# Problem to work on
Copying rule for the data below: pictures stay out, and only the lines from the one with "Het perceel waarop" down to the one with "Multicolored daisy earring", inclusive, are repeated exactly.
======== Material provided ========
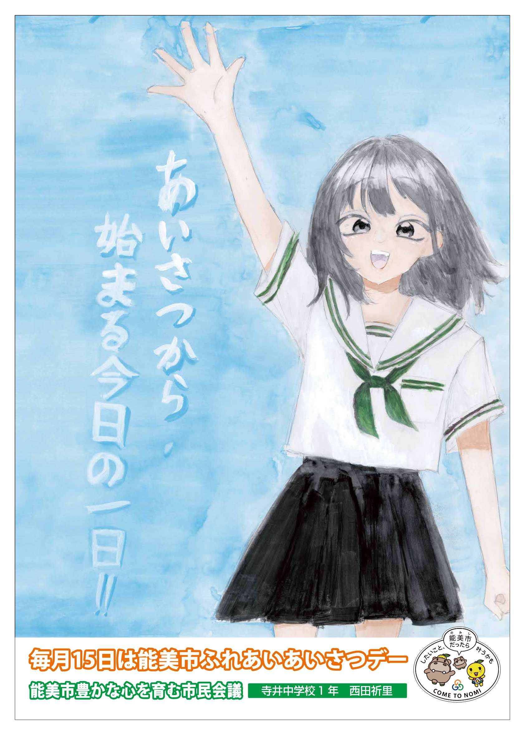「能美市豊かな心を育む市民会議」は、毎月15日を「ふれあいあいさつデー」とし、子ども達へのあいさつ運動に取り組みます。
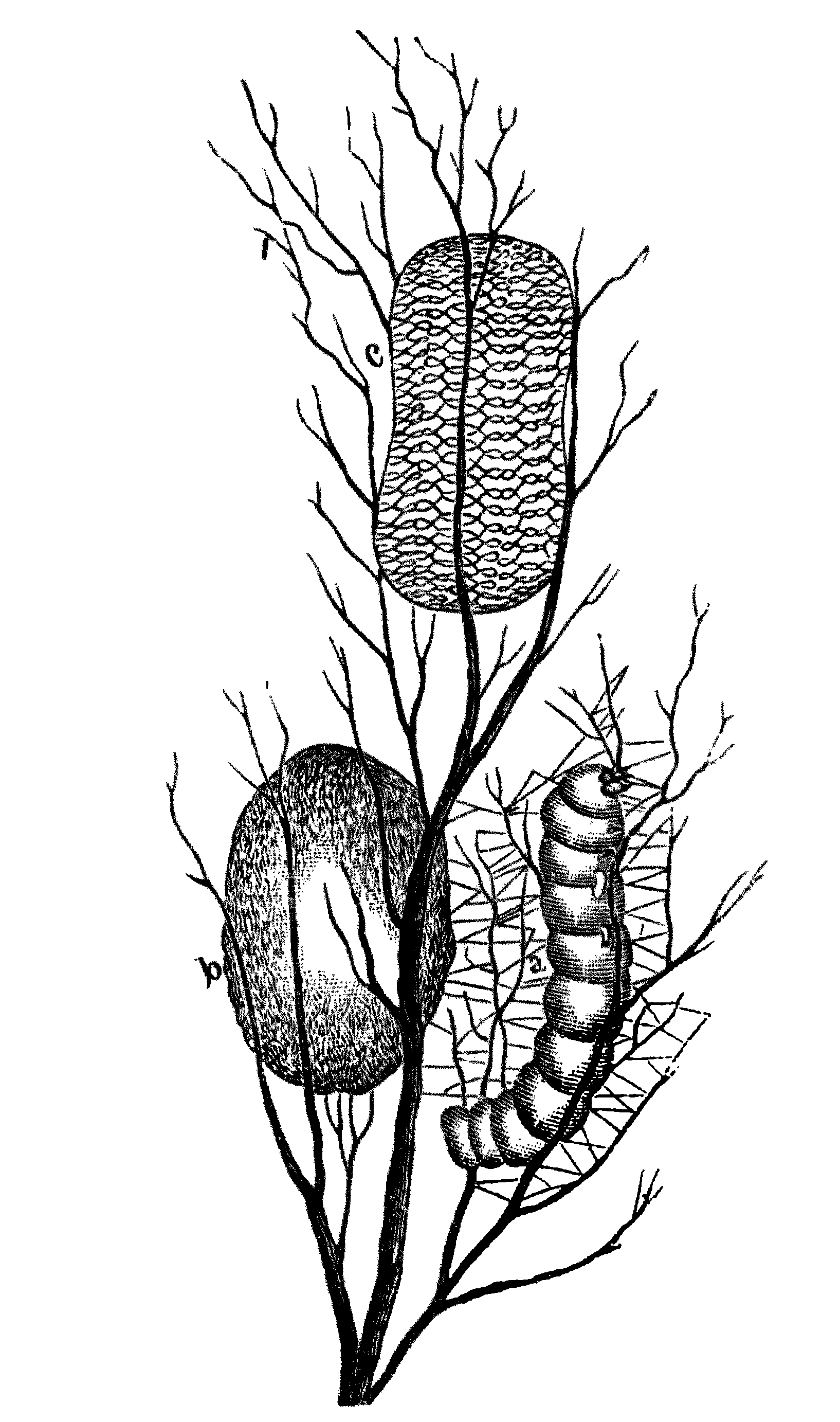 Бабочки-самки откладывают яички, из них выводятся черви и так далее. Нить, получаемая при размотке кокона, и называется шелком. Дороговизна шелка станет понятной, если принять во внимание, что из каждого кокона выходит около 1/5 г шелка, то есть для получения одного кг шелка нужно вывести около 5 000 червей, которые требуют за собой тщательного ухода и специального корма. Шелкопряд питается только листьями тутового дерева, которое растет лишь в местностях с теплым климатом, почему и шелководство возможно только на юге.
========
======== Material provided ========
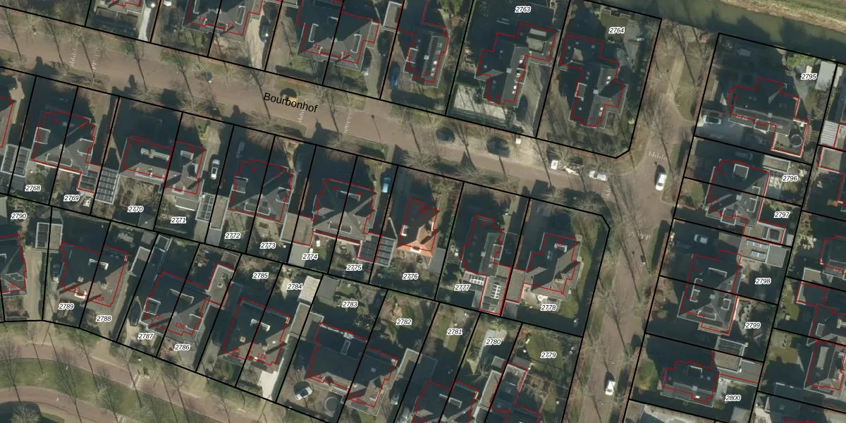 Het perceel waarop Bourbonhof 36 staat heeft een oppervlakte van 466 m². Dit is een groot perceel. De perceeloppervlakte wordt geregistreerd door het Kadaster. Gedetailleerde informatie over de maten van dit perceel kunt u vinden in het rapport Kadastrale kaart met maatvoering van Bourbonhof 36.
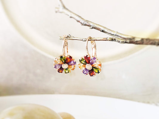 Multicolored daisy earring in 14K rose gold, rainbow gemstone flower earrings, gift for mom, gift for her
========
======== Material provided ========
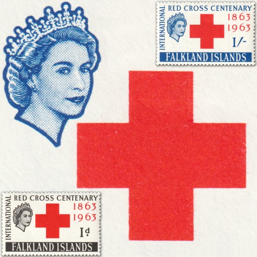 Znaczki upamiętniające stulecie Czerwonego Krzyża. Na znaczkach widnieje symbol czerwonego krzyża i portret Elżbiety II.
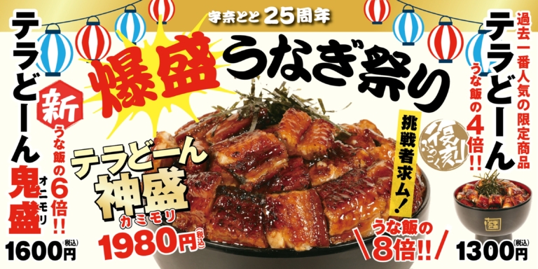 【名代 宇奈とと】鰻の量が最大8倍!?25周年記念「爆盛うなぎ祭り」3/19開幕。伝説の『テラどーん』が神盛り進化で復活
========
# Result of the task
 Het perceel waarop Bourbonhof 36 staat heeft een oppervlakte van 466 m². Dit is een groot perceel. De perceeloppervlakte wordt geregistreerd door het Kadaster. Gedetailleerde informatie over de maten van dit perceel kunt u vinden in het rapport Kadastrale kaart met maatvoering van Bourbonhof 36.
 Multicolored daisy earring in 14K rose gold, rainbow gemstone flower earrings, gift for mom, gift for her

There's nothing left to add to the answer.